It was Pelé who coined the phrase “the beautiful game”, and in the 1970s the game was at its most beautiful, free-flowing and entertaining. Football became truly international thanks to extraordinarily talented teams and charismatic players who became the first generation of football superstars, long before David Beckham stripped down to his underwear.
Football was not so much transformed in the 1970s as fundamentally recast, its every surface refashioned in some lighter, softer, more obviously space-age material. If there is a particular magic to this great decade of change, it lies perhaps in a peculiar sense of innocence that was still in place; the impression, however brief, of something transformed but still unspoiled.
The opening shot in this transformation was the 1970 World Cup in Mexico, the first tournament broadcast live in Technicolor across every continent, and an enduring high point of expressive, imaginative football embodied by the great Brazil team of Pelé, Gerson and Jairzihno, even if this was the decade that would be dominated by Europe.
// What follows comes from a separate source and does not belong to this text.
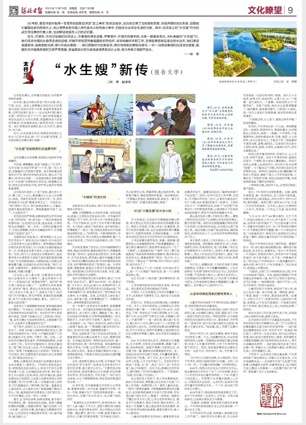 白洋淀的水在阳光下泛着蓝色的波浪,千年秀林的树在春风中默默生长,新一代“水生嫂”的故事就藏在这蓝与绿交织的音符里……她们是淀边晨雾里的红马甲,用双手守护一淀清波;她们是三十多年如一日的水哨兵,用日志记录淀水深情;她们是回迁楼里的贴心管家,用民情账本记满家常温暖;她们是秀林深处的务林人,用汗水浇灌绿色梦想……她们像孙犁先生笔下的水生嫂一样,带着水乡人的柔韧与善良,把责任扛在肩上,把热爱藏在心里。
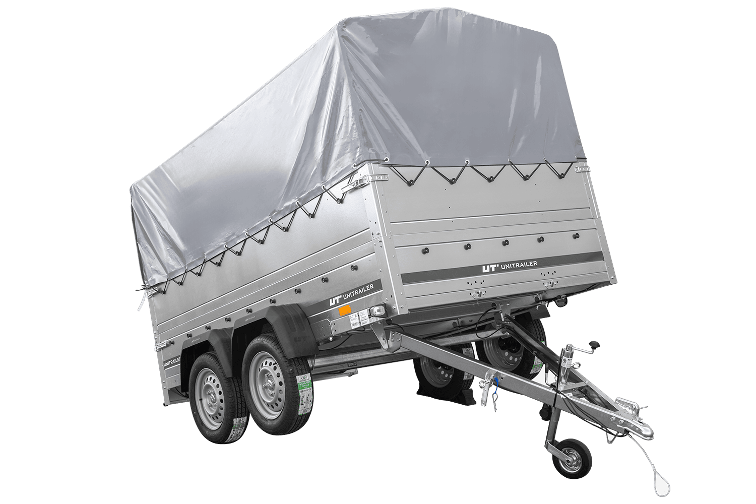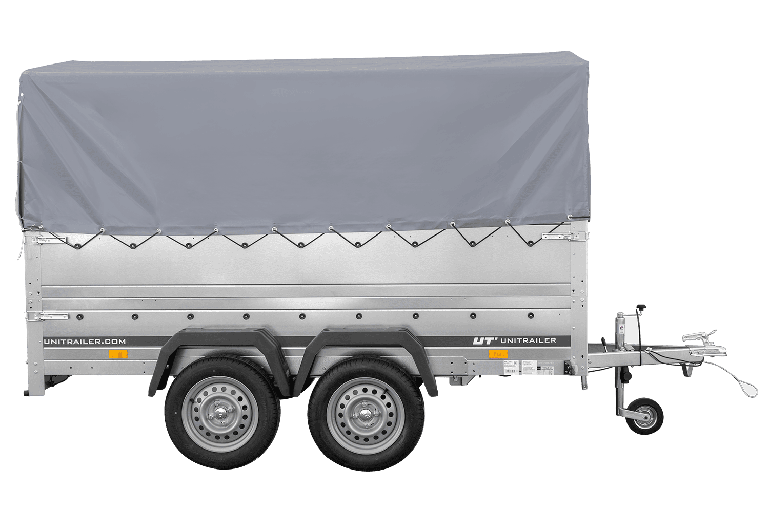 - Remorque UNITRAILER Garden 265/2 KIPP avec timon basculant. Surface de chargement : 264 x 150 cm. Hauteur avec ridelles et châssis : 150 cm. PTAC max. : 750 kg.

Central to this era of change was a significant growth in magazines and newspapers across Europe and the Americas, a huge spread in television ownership, and a general ramping up of fascination with the broader entertainment industry. If the 1950s gave birth to the teenager and the 1960s to the pop star, then the 1970s was a time of broader celebrity promiscuity as the machinery of fame, hungry for new stars, turned its glance beyond the established powerhouses of music and film and landed, inevitably, on football.
Football was ready, too. Footballers were hip, empowered, and liberated from the old blue-collar structures of owner, manager and trainer. At the start of the 1970s, Europe’s super clubs had begun for the first time to pay giddily marked up salaries to their star players — a process that would culminate in Pelé’s $1.4m a year deal at the New York Cosmos — as movement between the top leagues became more common and a distinct breed of intelligent, charismatic, often agreeably headstrong Dutch and German players began to dominate how football styled itself on and off the pitch.
Even in its tactical patterns there was something intellectually coherent about elite European football as the idea of Total Football took hold, the notion that in the perfect team every player is able to play in every position, to be both a star and a cog in the brilliantly well-grooved machine. Total Football was a statement of aspirational player power, a kind of academic footballing collectivism.
Johan Cruyff was perhaps the first of this new breed of Euro-cool footballers, with his Catalonian ranch, his supercharged Saab, his outspoken, unavoidably political, public profile. Born and raised in Amsterdam where he emerged through the Ajax nursery to become the definitive embodiment of Total Football, Cruyff was also famous for his Confucian turns of phrase, and an irresistible provocative charisma. His move to Barcelona in 1973 for $2m and an annual salary of $600,000 made him into a superstar.
West Germany’s captain Franz Beckenbauer was an equally formidable presence. A great and also revolutionary player in the role of ball-carrying central defender, Beckenbauer was born in ruined post-war Munich and went on to become the acme of the big-personality 1970s footballer, that breed of star players who seemed to have been re-cast as a kind of managing director in shorts. The son of a postman who went on to become the most influential man in German football during a 50-year ascent to global prominence that mirrored Germany’s economic triumph over the same period.
This was an age of outward transformation too. The look for the alpha male footballer of the 1970s was not so much beatnik with a ball as successful Californian advertising agency executive. The wide-lapelled leather jackets, then non-ironic medallions, luxury cars and high-end walnut interiors: these were the trappings of the new superstar player, empowered by a transformative collision of burgeoning mass media and a sport in the process of opening itself out into mainstream.
The book by Taschen tackles the global and cultural impact of the game, the memorable fashions, the girlfriends, the cars, the politics, the fans, the hooligans, the passion, the thrills and, of course, the sideburns. It’s a joint celebration of the world’s most popular sport and the sizzling 70s – including the 1970 World Cup in Mexico, the first football championship televised in colour, and won by the legendary Brazilian side led by Pelé; the 1974 World Cup, dominated by the intense rivalry between the powerful West German side and the “Total Football” of the Dutch team; the 1978 World Cup, hosted and won by Argentina; and the extraordinary club sides such as Ajax, Liverpool, Bayern Munich, and the New York Cosmos.